Anticipating a Resilient 2024
Looking ahead to 2024, forecasters are tasked with determining whether the slowdown in non-oil growth and investment spending is temporary or indicative of a longer-term trend. Several uncertainties loom, including the dynamics of the global oil market, regional conflicts, U.S. monetary policy shifts, and the impact of domestic reforms.
- Global Oil Market Dynamics
Oil production outside the OPEC+ coalition is on the rise, with the U.S. achieving record crude oil outputs recently. This surge has pressured oil prices, prompting OPEC+, and particularly Saudi Arabia, to cut production to stabilize the market. Saudi Arabia has committed to extending these cuts through the first quarter of 2024, with future production adjustments dependent on market conditions. While OPEC anticipates a modest increase in crude demand for 2024, the potential remains for Saudi Arabia to cautiously restore some of the production cuts made in 2023, without destabilizing prices.
- Regional Conflicts and Global Uncertainties
The ongoing conflict in Gaza poses risks to business confidence in Saudi Arabia, potentially impacting investment, consumption, and tourism. Additionally, disruptions in oil shipments could temporarily inflate oil prices, affecting exports.
- Shifts in U.S. Monetary Policy
The U.S. Federal Reserve is anticipated to reduce policy interest rates in 2024 as inflation targets are approached. This shift could result in lower interest rates in Saudi Arabia, given the riyal’s peg to the U.S. dollar. Although the direct correlation between interest rates and growth in Saudi Arabia has historically been weak, this relationship is expected to strengthen as the financial sector evolves. A timely reduction in U.S. rates could weaken the dollar, enhancing the competitiveness of Saudi non-oil exports.
Harnessing Reforms for Future Success
Saudi Arabia’s ambitious reforms aim to fortify legal and regulatory frameworks, develop new economic sectors, deepen financial markets, encourage foreign investment, and boost labor market participation, especially among women. The International Monetary Fund (IMF) suggests these reforms could significantly bolster non-oil sector growth.
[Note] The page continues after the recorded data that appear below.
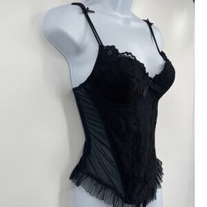 Cabernet Black Lace Mesh Corset Bustier Top Ruffle Hem Lingerie Y2K Sexy
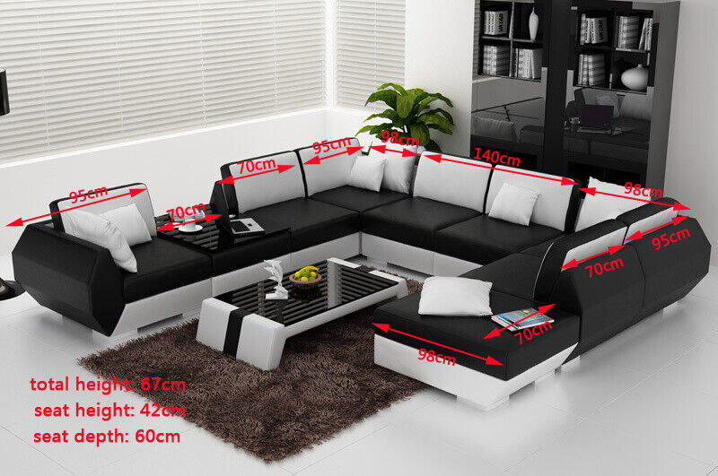 Entdeckt déi Këssen Garnitur Sofas Couchen nei Sofa Couch Wunnlandschaft Eckgarnitur, déi perfekt Léisung fir Äert Wunnzëmmer. Dës stilvoll Couch bitt en impressionante Gesamtmaß vun ongeféier 330 x 336 x 235 cm oder 235 x 336 x 330 cm, sou datt se eng dominant Präsenz a jiddwer Raum huet. Mat enger Sëtzhéicht vun ongeféier 42 cm an enger Sëtzdéift vun 60 cm, suergt dës Garnitur fir optimalen Komfort. De Korpus vun der Couch gëtt duerch en robuste Bannekader aus richtegem Holz gestäerkt, wat fir Langlebegkeet an Ënnerstëtzung suergt. D’Materialwahl enthält Premium Liederfaserstoff, deen zu 70% aus Lieder an zu 30% aus Polyester besteet, fir eng luxuriéis an haltbar Uewerfläch ze garantéieren.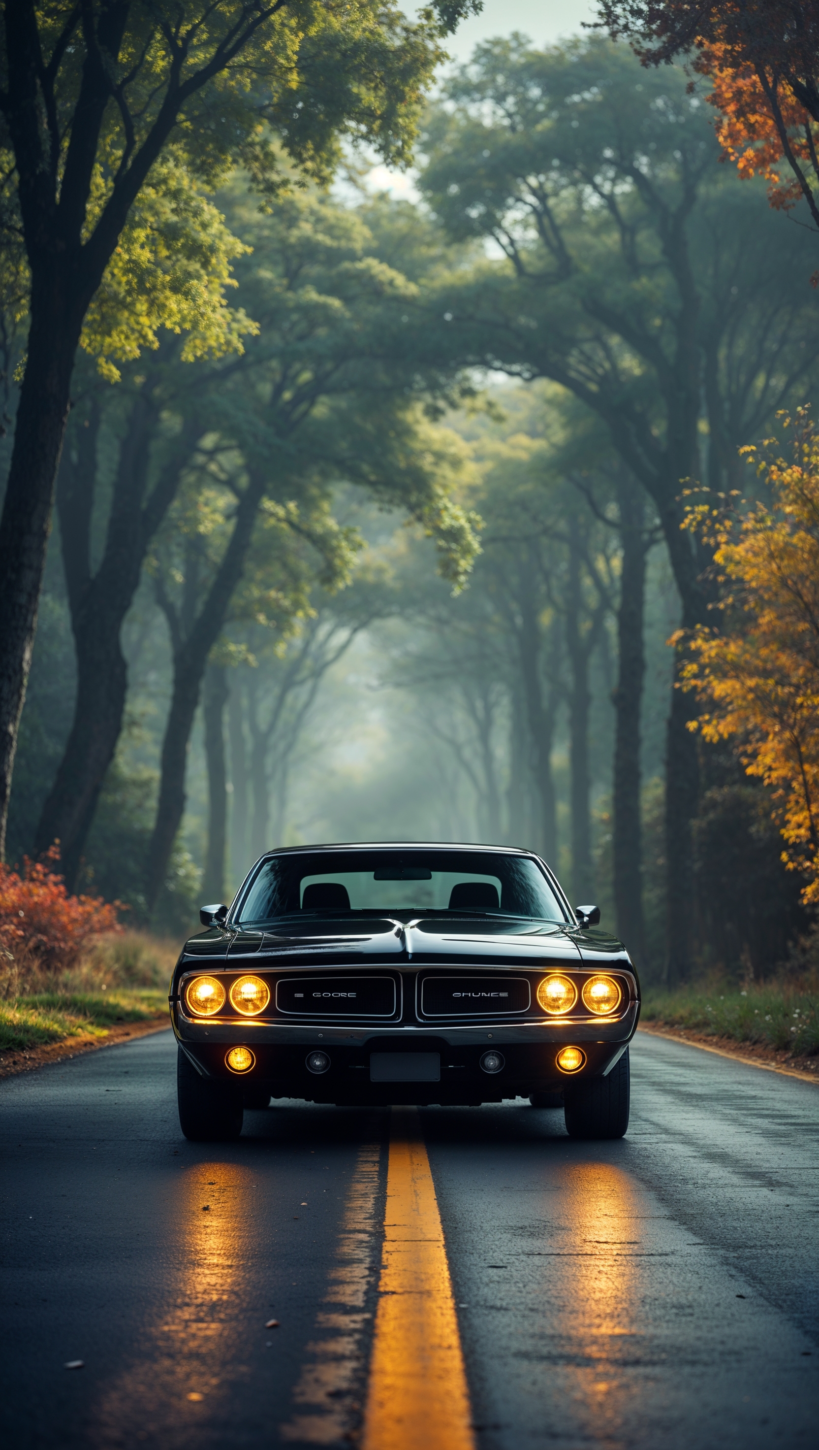 1664x2944 A Dodge Charger on a narrow road with tall trees on both sides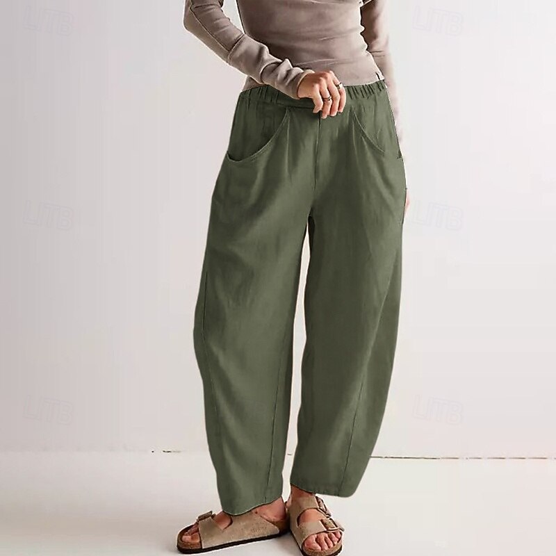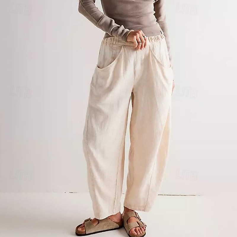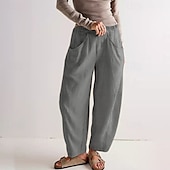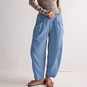 More information about Women's Cotton Linen Pants Slacks Streetwear Casual Full Length Natural Plain Pocket Elastic Waist Comfy Comfortable Street Daily Wear Depression Green Light Sky Blue Grey Black Summer Regular Fit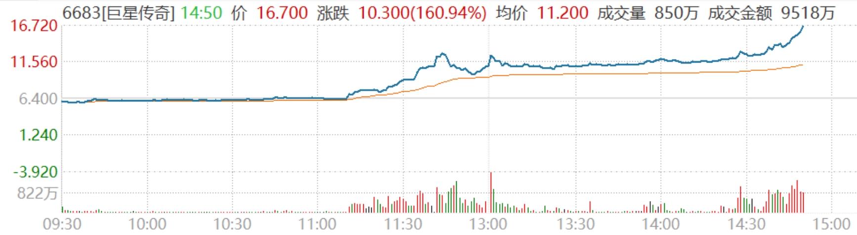 14:52【港股巨星传奇涨超160%】港股巨星传奇盘中再度拉升,现涨超160%。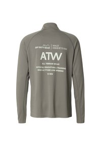 Mann trägt graues, strukturiertes Langarmshirt mit der Aufschrift "ATW All Terrain Wear" und zusätzlichem Text auf der Rückseite.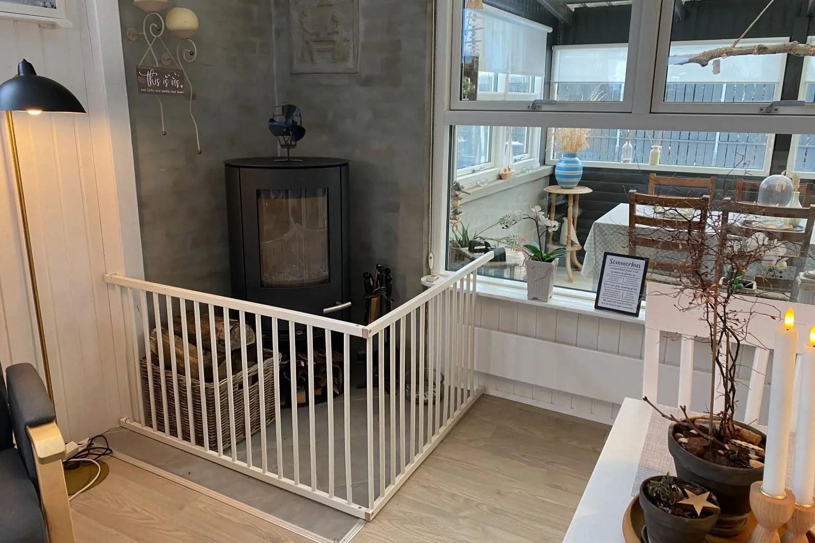 Das Herz des Hauses ist der gemütliche Wohnbereich mit offener Küche. Hier sorgt der Kaminofen an kühleren Tagen für eine warme und stimmungsvolle Atmosphäre. Vom Wohnraum aus hast du direkten Zugang zu einem gemütlichen Wintergarten.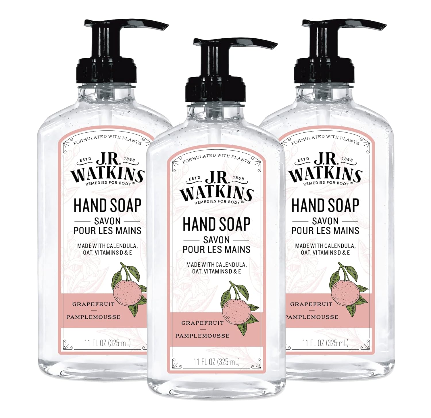 J.R. Watkins Gel Hand Soap For Bathroom Or Kitchen, Scented, Usa Made And Cruelty Free, 11 Fl Oz, Grapefruit, 3 Pack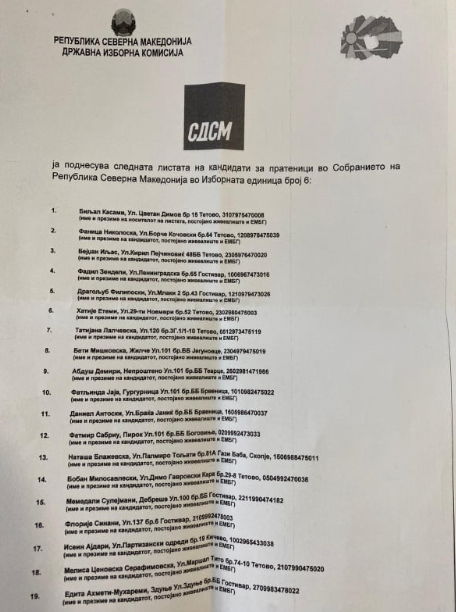 Lëvizja BESA, listën e kandidatëve për deputetë të zonës numër gjashtë dërguar në Komisionin Shtetërorë Zgjedhorë e ka dorëzuar vetëm në gjuhën maqedonase.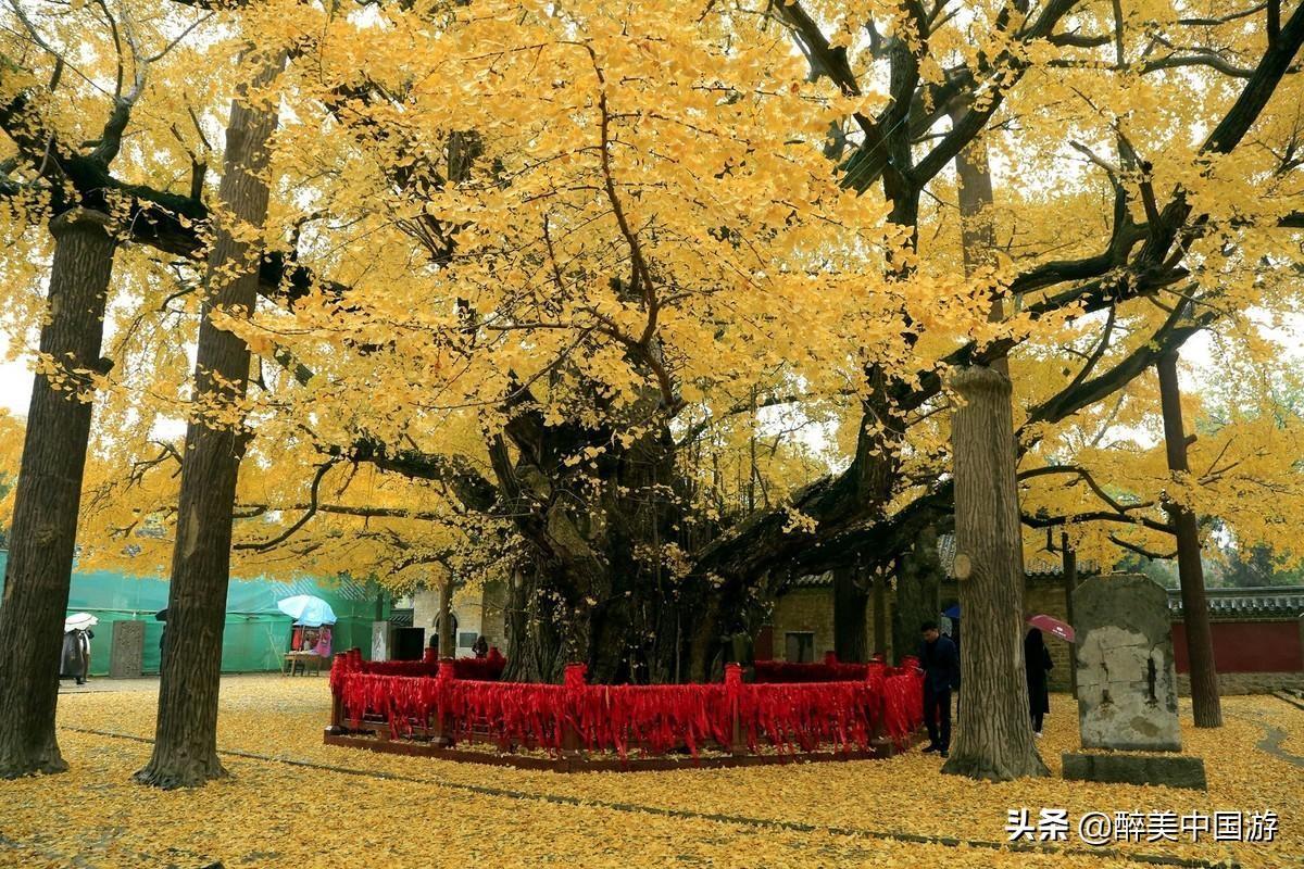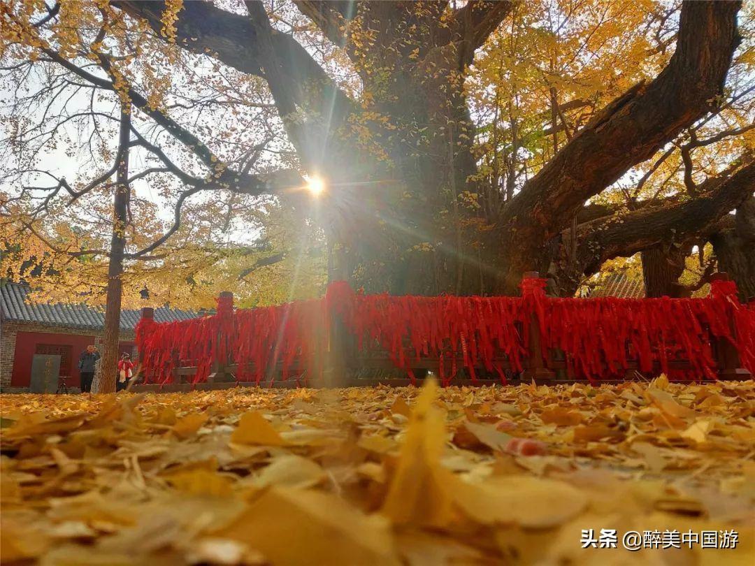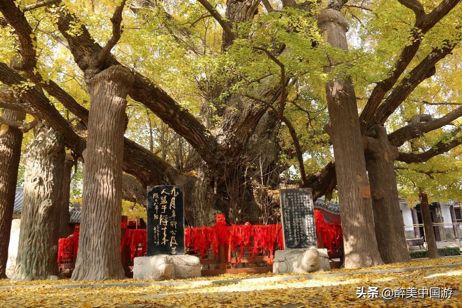关于天下银杏第一树:个人感觉天下银杏第一树是整个景区的压轴景观之一,据考证古树龄接近4000年,但具体详细树龄不得而知,但观其树干粗壮,参天而立,具有龙蟠虎踞之势,而且需八个成人才能合抱,个人感觉,至少也有超出千年的历史,堪称植物界的老寿星。令人惊奇的是,虽然经历了几千年的风雨,这棵雄壮的银杏树,目前仍然枝繁叶茂,生机勃勃,让人叹而观止,许多历史爱好者也惊奇,称之为生物界的活化石。如遇深秋,树叶都变为金黄色,撒落一地,欣赏价值极高,观赏性极强。

While the exact impact for 2024 remains uncertain, new initiatives like the Regional Headquarters Program show promise.
Forecasts suggest that real GDP may grow by 1.5% in 2024. If oil production reaches 9.5 million barrels per day by year-end, real oil GDP could decline by about 2%. Should monetary policy ease and structural reforms succeed, the non-oil sector might expand by 3% to 4%, despite reduced fiscal support and potential lower oil prices.
While achieving the ambitious growth targets set by Vision 2030 might be challenging, a 3% to 4% expansion in the non-oil sector would still be a commendable achievement, especially if it coincides with further unemployment reduction. As the IMF suggests, sustainable non-oil growth is pegged at 4%, balancing inflation and current account stability. Ultimately, enhancing Saudi Arabia’s productivity through strategic investments in human capital, infrastructure, and high-tech industries, along with increased workforce participation, will be key to realizing stronger non-oil growth.